Let me limit it then to what I can be absolutely sure of: There was a time (up to say the mid 1970s) that on the California coast from Moro Bay north to the Oregon border, that if you saw a diver in the water with their mask on their forehead they were either in trouble or were a tourist (which meant they were likely in trouble anyway<G>).J.R.:"... we can *no longer* say that" is a problem phrase for me... It implies that we were once able to... I would argue that we have NEVER been able say that.
Please don’t think of MOF as a SIGNAL. It never was used as a SIGNAL, as in, “I think I’m in trouble … hmmm … maybe I better go MOF so that I can get help!” Rather it was recognized as an indicator, an instinctive action of a diver who was in, or who might soon be in, trouble.
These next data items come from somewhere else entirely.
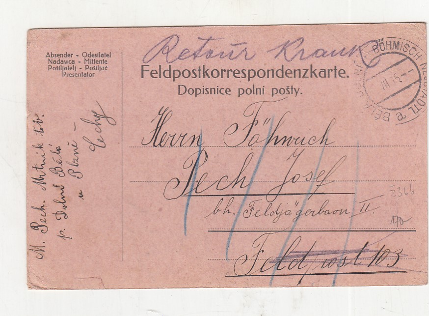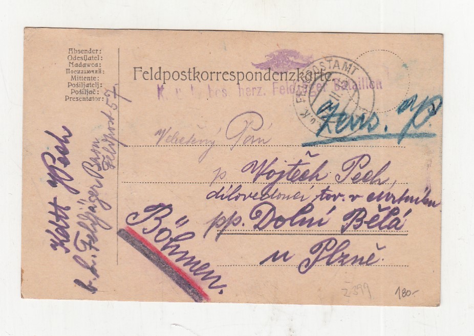 , prošlá poštou, popsaná, růžky mírně odřené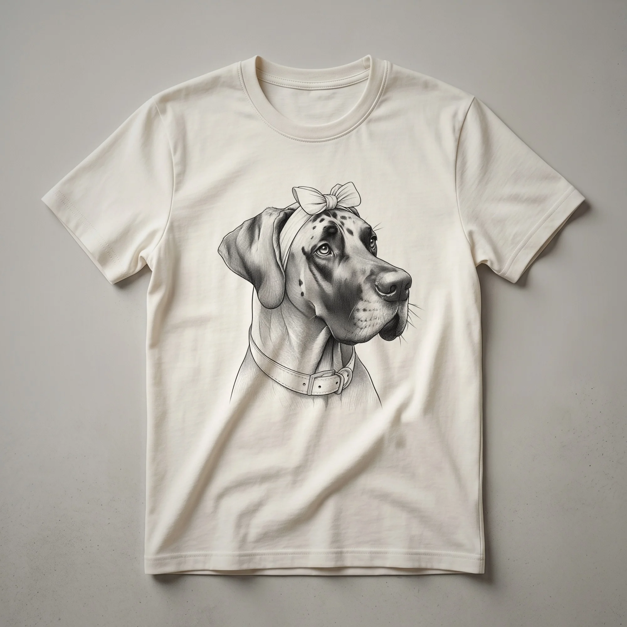 Great Dane moms know the gentle giants they share their lives with possess a regal presence and a surprisingly sweet disposition. This eye-catching graphic tee celebrates that unique bond, featuring a silhouette of a Great Dane artfully filled with a vibrant floral pattern. The design is rendered in a way that highlights the breed's distinctive stature and elegant lines, making it a striking statement piece for any dog enthusiast. Great Danes, known for their impressive size and friendly nature, are often considered the 'Apollo of dogs.' This shirt is a wonderful way for a Great Dane mom to express her pride and affection for her canine companion. It makes a thoughtful gift for birthdays, holidays, or just because for the woman who cherishes her large, loving dog. This comfortable t-shirt is a go-to choice for casual outings, walks in the park, or relaxing at home with her furry friend, showcasing her passion for her breed.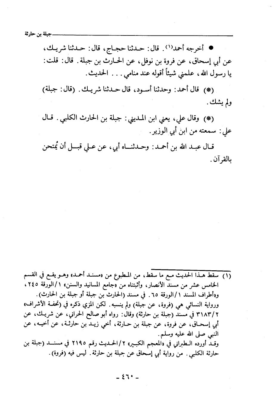 - أخرجه أحمد (٢٤٢٢٣) قال: حدَّثنا حَجَّاج، قال: حدَّثنا شَرِيك، عن أَبي إِسْحَاق، عَنْ فَرْوَةَ بْنِ نَوْفَلٍ، عَنِ الْحَارِثِ بْنِ جَبَلَةَ، قَالَ: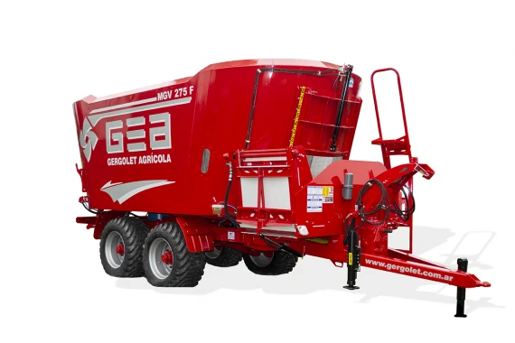 Mezclador y distribuidor de raciones de tipo vertical de 14 m3 de capacidad. El mezclado se produce por un sinfín cónico de paso variable de tipo vertical. Está dotado de cuchillas que permiten el desmenuzado de rollos y fardos prismáticos. La descarga es a través de noria. Totalmente comandado desde el tractor.
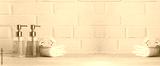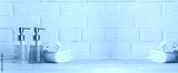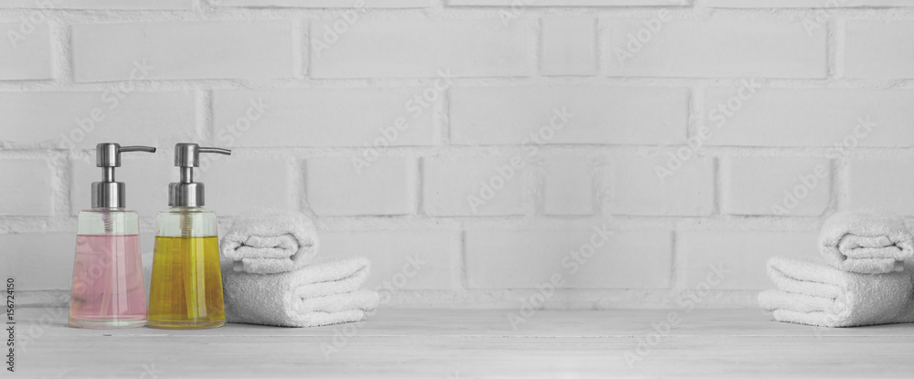 Cosmetic products and cotton towels on white wooden table -piece of spa interior, beauty salon. Copy space. Wide panoramic image.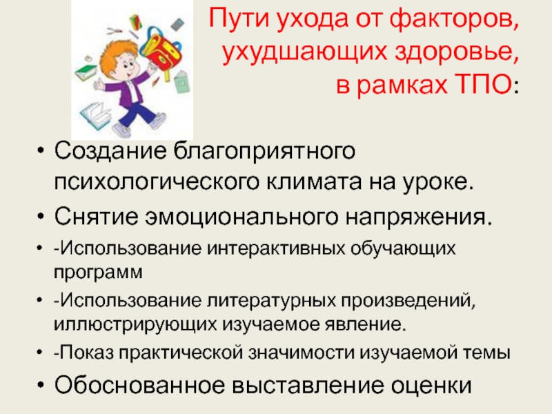 Пути ухода от факторов,  ухудшающих здоровье,  в рамках ТПО:Создание благоприятного психологического климата на уроке.Снятие эмоционального
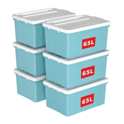 Cetomo 65L*6 Storage Boxes, Plastic Box with Lids, Organizing Container Secure Latching Buckles, Stackable, Nestable, Tote Bin for Home Office Clothes, 65L 6Pack, Blue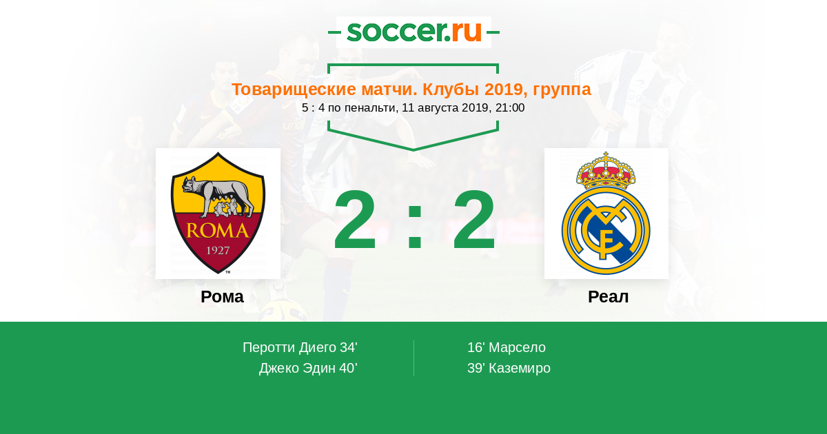 Протокол матча Рома против Реал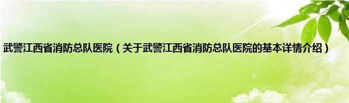 本文关于武警江西省消防总队医院的基本详情介绍就讲解完毕,希望对大家有所帮助。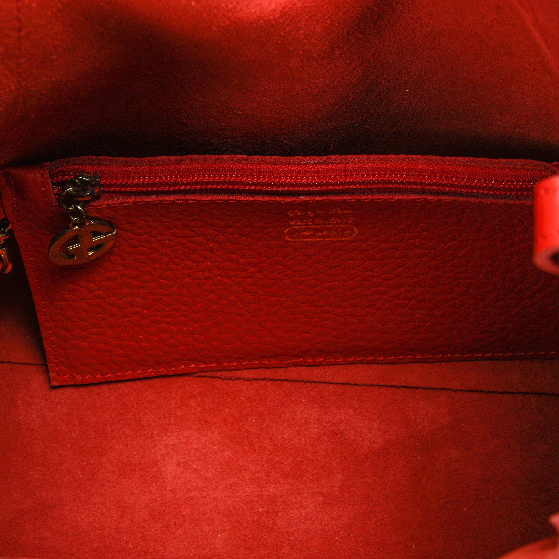 Leather-trimmed internal pocket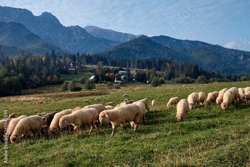 Fototapeta premium Sheeps on a green hill, mountains as a background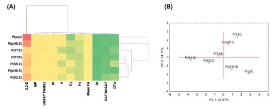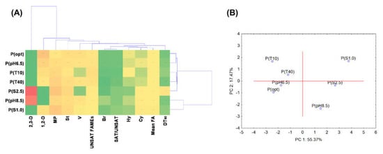 Comparing, the principal component analysis (PCA) showed that salinity (1 and 2.5%) and high pH (8.5) caused the significant changes in the fatty acid composition of P. moorei KB4 manifested in the increase in the participation of 12:0, 14:0 and 17:0 cy. The low temperature (10 °C) increased the contents of hydroxylated 10:0 3OH, 12:0 2OH, 12:0 3OH fatty acid, while the high temperature (40 °C) increased 18:0 fatty acid abundance (Figure 4C,D). Obviously, the changes found affected the ratio of SAT/ UNSAT. It was the highest (4.79 ± 0.02, 3.66 ± 0.02, and 3.77 ± 0.00) for the cells cultured under 1.0 and 2.5% salinity and pH 8.5, respectively (Table 3). The mean fatty acid chain length analysis indicated a significant increase in this parameter from 15.59 ± 0.12 for the cells cultured in optimal conditions to 16.02 ± 0.06 for the cells exposed to 40 °C and its decrease to 15.05 ± 0.06 for the cells exposed to 1.0% NaCl (Table 3).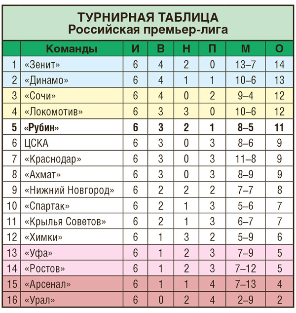 Расположение команд в турнирной таблице пусть и не отражает реального соотношения сил в чемпионате, но даёт определённую пищу для размышлений. Удачно стартовав, «Рубин» не сумел развить успех. На то, правда, были объективные причины – получается, что забивать в команде некому, а игроки, выходившие на поле в линии атаки, эффективно реализовать голевые моменты не сумели. Но Деспотович и Кварацхелия, пропустившие игры из-за травм и перебора легионеров, вновь в составе команды и готовятся к продолжению чемпионата.

Divers who are in trouble and are “in control” have many ways to signal that they were (and continue to be) taught, the entire point was that if MOF was unacceptable behavior in a diver who was “under control,” then … since it is an instinctive move, it was useful as an indicator.
It has become a bone of contention because of the aggressive and deprecating way in which it was a taught, “real diver’s don’t do that,” or “you don’t look like a diver with your mask on your forehead,” etc., etc., etc. So many real divers, good divers, competent divers, accomplished divers, who were not part of the compact, took umbrage and invented DIR just to show us left-coasters how it feels (See I can treat it with some levity … now where is Waldo anyway?). My real concern with levity, as respects this issue, is just that the conversation (at least as I’ve observed it) seems to have lost content, even from folks who I respect and usually pay close attention to (sort of like they've all got their computer masks on their foreheads).